I still recall being so obsessed by the Judiciary Committee hearings that I listened to them through an earphone while pushing a baby stroller through the mall. I remember watching Arlen Specter and Orrin Hatch hard at work, attempting to destroy Anita Hill, and finally understanding what the Salem Witch Trials must have been like. I remember being torn between awe at Chairman Joe Biden's pomposity and amazement at the goings-on in his scalp. I remember calling my friend Jack Rosenthal, then the editor of the editorial page of the New York Times, nearly every day, haranguing him to stiffen the Senate's opposition. To this day, I recall my revulsion at George H.W. Bush's cynically gleeful, preposterous attempt to frame the Thomas nomination as a filling of the Thurgood Marshall seat.

It turns out, of course, that the alarming character traits Anita Hill observed in her boss Clarence Thomas were nothing compared to the nutcase judicial temperament he has since revealed. At his confirmation hearing, Thomas -- like Marshall before him, and Roberts and Alito after him -- paid tribute to stare decisis, the importance of precedent in guiding Supreme Court decisions.
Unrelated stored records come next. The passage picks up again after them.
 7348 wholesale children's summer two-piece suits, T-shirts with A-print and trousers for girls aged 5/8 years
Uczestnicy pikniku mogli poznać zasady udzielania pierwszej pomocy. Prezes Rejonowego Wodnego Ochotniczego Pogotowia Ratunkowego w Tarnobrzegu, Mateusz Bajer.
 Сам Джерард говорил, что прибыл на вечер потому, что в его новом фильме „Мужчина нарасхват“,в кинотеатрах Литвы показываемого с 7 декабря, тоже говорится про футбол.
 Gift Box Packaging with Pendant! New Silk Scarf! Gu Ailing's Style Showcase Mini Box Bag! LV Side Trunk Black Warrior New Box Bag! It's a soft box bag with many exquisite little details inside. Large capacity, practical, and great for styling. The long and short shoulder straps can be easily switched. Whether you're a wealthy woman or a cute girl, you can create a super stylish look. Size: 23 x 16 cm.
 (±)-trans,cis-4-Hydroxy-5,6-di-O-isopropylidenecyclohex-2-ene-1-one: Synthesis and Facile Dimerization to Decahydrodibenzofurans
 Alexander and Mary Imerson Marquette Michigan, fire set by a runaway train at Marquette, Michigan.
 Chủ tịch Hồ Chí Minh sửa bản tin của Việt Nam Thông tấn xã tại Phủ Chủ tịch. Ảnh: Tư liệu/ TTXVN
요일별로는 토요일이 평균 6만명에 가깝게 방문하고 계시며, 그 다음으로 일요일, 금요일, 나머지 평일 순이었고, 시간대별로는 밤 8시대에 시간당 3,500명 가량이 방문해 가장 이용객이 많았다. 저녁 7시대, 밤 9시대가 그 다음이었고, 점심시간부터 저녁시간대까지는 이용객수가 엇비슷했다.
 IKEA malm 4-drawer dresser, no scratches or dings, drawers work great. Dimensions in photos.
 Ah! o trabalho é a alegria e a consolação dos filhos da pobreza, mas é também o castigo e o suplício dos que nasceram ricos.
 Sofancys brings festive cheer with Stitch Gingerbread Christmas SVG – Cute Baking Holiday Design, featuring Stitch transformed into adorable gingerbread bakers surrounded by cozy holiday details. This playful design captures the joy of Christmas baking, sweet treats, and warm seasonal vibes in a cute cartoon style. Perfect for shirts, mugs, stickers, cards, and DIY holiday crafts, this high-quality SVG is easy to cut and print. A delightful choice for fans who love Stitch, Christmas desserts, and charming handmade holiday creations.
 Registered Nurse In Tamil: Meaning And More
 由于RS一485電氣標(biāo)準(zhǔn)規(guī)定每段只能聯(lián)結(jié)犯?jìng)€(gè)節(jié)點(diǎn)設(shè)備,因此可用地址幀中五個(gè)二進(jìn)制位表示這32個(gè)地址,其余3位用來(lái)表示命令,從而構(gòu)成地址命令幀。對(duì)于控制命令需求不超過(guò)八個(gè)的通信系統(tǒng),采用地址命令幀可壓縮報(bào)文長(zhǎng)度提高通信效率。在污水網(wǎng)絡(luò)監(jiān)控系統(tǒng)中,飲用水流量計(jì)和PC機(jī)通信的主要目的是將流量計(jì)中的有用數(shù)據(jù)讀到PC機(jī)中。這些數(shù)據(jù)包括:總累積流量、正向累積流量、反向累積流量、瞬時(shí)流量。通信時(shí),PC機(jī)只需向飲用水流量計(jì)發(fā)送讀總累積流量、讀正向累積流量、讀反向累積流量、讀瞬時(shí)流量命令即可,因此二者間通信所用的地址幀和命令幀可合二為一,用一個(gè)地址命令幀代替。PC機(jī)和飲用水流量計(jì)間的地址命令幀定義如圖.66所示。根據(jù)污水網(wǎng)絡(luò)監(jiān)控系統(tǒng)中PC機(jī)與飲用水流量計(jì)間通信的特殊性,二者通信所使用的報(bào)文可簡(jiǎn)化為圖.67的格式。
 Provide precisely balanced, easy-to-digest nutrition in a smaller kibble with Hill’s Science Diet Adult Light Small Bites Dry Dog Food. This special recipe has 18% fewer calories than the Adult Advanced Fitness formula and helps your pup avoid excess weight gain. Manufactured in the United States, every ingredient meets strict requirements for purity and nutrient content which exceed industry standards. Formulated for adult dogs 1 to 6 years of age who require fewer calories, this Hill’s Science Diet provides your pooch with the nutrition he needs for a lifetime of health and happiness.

But no less an authority than arch-conservative fellow Associate Justice Antonin Scalia told Thomas' biographer, Ken Foskett, that Thomas "doesn't believe in stare decisis, period." If you think nutcase is too strong a word to summarize that view, listen again to Scalia, as quoted in this Terry Gross interview with Jeff Toobin about his new Supreme Court book, The Nine:

Mr. TOOBIN: Clarence Thomas is not just the most conservative member of the Rehnquist court or the Roberts court. He's the most conservative justice to serve on the court since the 1930s. If you take what Thomas says seriously, if you read his opinions, particularly about issues like the scope of the federal government, he basically thinks that the entire work of the New Deal is unconstitutional. He really believes in a conception of the federal government that hasn't been supported by the justices since Franklin Roosevelt made his appointments to the court. You know, I went to a speech that Justice Scalia gave at a synagogue here in New York a couple of years ago, and someone asked him, `What's the difference between your judicial philosophy and Justice Thomas?' I thought a very good question. And Scalia talked for a while and he said, `Look, I'm a conservative. I'm a texturalist. I'm an originalist. But I'm not a nut.' And I thought that...
GROSS: Meaning that he thinks Thomas is one.
Mr. TOOBIN: Well, that was certainly the implication.
GROSS: Mm-hmm.
Mr. TOOBIN: It was pretty amazing. I mean, Thomas is well outside the mainstream, even of the conservatives on the court.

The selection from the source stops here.